# need help with iphone



## 2much (Oct 12, 2007)

yes bought an unlocked iphone,set the edge network up.can make and receive calls,text msg no problem.BUT I CAN'T GET MY EMAIL TO WORK.I had a blackberry through rogers,but i cant get the settings smtp,incoming server right.can anyone help


----------



## madgunde (Mar 10, 2006)

2much said:


> yes bought an unlocked iphone,set the edge network up.can make and receive calls,text msg no problem.BUT I CAN'T GET MY EMAIL TO WORK.I had a blackberry through rogers,but i cant get the settings smtp,incoming server right.can anyone help


Do you have your mail set up on your Mac in Mail.app? If so, just have iTunes sync your mail accounts to your iPhone. Should just work.


----------



## 2much (Oct 12, 2007)

*need help with iPhone*

I dont now the ip settings from rogers.and i still cant get e
mail. Does anyone have a site with visual set ups......much needed


----------



## G-Mo (Sep 26, 2007)

Are you trying to configure push email services (like email on Blackberry) or just POP3/IMAP? Is it a problem with your EDGE settings?

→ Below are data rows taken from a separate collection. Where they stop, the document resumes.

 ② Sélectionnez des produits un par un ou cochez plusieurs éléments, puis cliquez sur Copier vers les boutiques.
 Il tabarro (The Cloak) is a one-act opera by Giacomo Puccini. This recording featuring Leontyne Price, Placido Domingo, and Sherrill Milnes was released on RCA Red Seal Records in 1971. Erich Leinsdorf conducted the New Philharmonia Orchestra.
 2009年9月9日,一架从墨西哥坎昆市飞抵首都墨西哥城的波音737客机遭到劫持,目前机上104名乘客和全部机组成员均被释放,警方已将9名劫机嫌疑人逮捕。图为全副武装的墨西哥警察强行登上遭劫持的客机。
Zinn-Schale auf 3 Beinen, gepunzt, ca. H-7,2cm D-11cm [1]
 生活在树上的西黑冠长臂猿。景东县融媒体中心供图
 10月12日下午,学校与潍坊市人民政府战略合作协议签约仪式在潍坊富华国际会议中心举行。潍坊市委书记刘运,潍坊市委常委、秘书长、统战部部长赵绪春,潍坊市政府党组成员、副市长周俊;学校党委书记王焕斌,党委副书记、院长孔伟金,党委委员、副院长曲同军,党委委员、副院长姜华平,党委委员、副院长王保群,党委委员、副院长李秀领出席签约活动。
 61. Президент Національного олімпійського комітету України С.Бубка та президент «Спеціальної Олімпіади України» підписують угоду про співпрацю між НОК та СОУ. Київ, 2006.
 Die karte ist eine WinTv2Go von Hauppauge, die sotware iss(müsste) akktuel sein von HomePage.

For Wifi config, tap on Setting -->General --> Network -> Wifi: hit it to turn it on or off. When it it on, it will search for wifi. Choose the one that is your to connect, enter password if that one is secured. Then it will connect to that wifi. Wherever you are on the Iphone, just hit the Home Button (the square button at the bottom, not on the LCD, it's outside at the bottom) you will go back to spreadboard (main menu). 

Now for GPRS/EDGE internet, Again go to Setting -->General --> Network -> EDGE.

For Rogers:

The APN is : internet.com
Username: wapuser1 
Password: wap

SMTP Outgoing server from Rogers Wireless: smtp.rogerswirelessdata.com


----------